Published in the May 1994 issue of Harper’s Magazine, “Witness to Another Execution” profiles the Texas town of Huntsville, where all executions in the state are carried out. The article is free to read in full through October 12. Subscribe to Harper’s Magazine for instant access to our entire 165-year archive.
Ask anyone in Huntsville and he or she will tell you that the rapid clip of executions has absolutely nothing to do with life there. “It’s just not our issue,” explained City Manager Gene Pipes. “This is the state carrying out a legal mandate that has nothing to do with the local community. It happens to be dateline, huntsville, but it’s just not what’s being talked about on the square.”
Indeed, the morning after Kelly’s execution there was no sign anywhere near the square that anything unusual had happened. The yellow tape outside the Walls was gone; across the street, in their telltale white prison suits, trusties were mowing the lawn and hosing down the family car at the TDC director’s vast, nee-Georgian mansion. At the Cafe Texan, the regular 9:30 coffee crowd of retired white ranchers and constables joshed with a sassy veteran waitress and rehashed old cowboy yarns, while black workers shouldered trays of steaming, clean dishware and ate in the kitchen. At the Masonic Lodge coffee klatch, a group of mostly older men (a TDC guard, a cook, a retired chaplain, an engineer, the county judge, the founder of the local John Birch Society, and a retired crime-scene photographer) took it upon themselves to explain that Huntsville had been called the Rome of Texas, built as it was on seven hills and seven creeks, as well as the Athens of Texas, because the state’s first law school and teachers college were founded here. Huntsville’s founders donated the land for the state penitentiary, confident that legislators would then also locate the state capital there, but the Texas legislature, by one vote, chose Austin, and the disappointed Huntsville citizenry had to content itself with the eleven horse thieves who were the Walls’ first reluctant guests.
Over the course of the next few weeks, while waiting my turn to witness an execution, I discovered that most of the people in town preferred to know as little as possible about Huntsville’s main industry. “This is a marvelous place to raise a family,” said Jane Monday, a former mayor and historian. “It’s a university town, a town that cares a great deal about its young; it’s warm, it’s cozy, it’s a very caring community.
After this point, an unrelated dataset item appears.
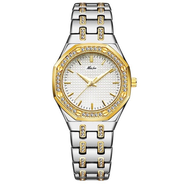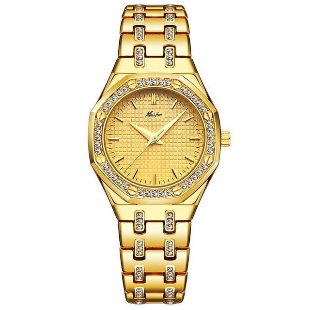 MISSFOX Fashion Watches Women's Expensive 18K Gold Ladies Wrist Watch Women Quartz Classic Analog Diamond Jewelry Hand Watch

I wouldn’t take a million dollars to live anywhere else.” When I asked about the effect all of Huntsville’s prisons and executions had on its young, Monday shook her head firmly. “It might sound funny to you, but I don’t think it affects the children or the community at all.”
City Councilman Jimmy Carter at first agreed. “That’s the prison system,” he said automatically when I asked why no one in Huntsville seemed to bother about executions. “The town is very distinct from that. Or maybe that’s just part of our defense mechanism. We don’t want to identify with executions or acknowledge that we are involved with that in any way.”
Tommy Cole, a physician whose great-grandfather headed the TDC and whose family home has abutted the Walls for more than a century, admitted that he too is unaware of the executions. Dr. Cole likened himself to those living in small towns outside Nazi death camps. “We just visited Weimar, a few miles outside of Buchenwald, and no one there had any idea what went on, just like we have no idea what goes on behind those walls over there,” he volunteered over a scotch in his fuchsia-damasked living room, in which much of the elegantly carved antique furniture was made by prison labor.
The obliviousness of townspeople to the executions was notable, but more striking was the way in which career TDC employees involved in the work managed to keep it from impinging on their consciousness. “It’s real simple: I either do my job or I don’t eat,” the assistant director for public information, Charles L. Brown, told me when I asked how he felt about witnessing every execution. “My position is purely defensible: if I’m going to have to answer questions about it, I ought to be there. It’s got nothing to do with my feelings about the death penalty; I’m just doing my job professionally and to the best of my ability. It works perfect, in that regard. And nobody would know whether I’m for or against capital punishment. You’d be surprised,” Brown added, “how many people here are opposed to capital punishment.” I asked the same question of Brother Cecil McKee, a retired Walls Unit chaplain whose job it was to walk condemned men to the electric chair until the U.S. Supreme Court effectively placed a moratorium on executions in 1972. “It was hard to be there, but I didn’t have to see it,” he told me. “I closed my eyes … You know, the flesh burns—it leaves a terrible odor. I’d go home and take my clothes off, leave ’em out, we’d go to sleep. Next day, I had to send my clothes to the cleaners. It was just part of the job.”
I asked Brother McKee how he felt about assisting the state in taking lives. He looked at me with watery blue eyes. “I’ve never said this before: I do not believe in capital punishment of any kind. My philosophy is this: we have no right to demean, diminish, or destroy a life. If they can’t be rehabilitated, they should be incarcerated. But I was working in a system that says we’re going to do it. It’s not right for me to say how a man should die.”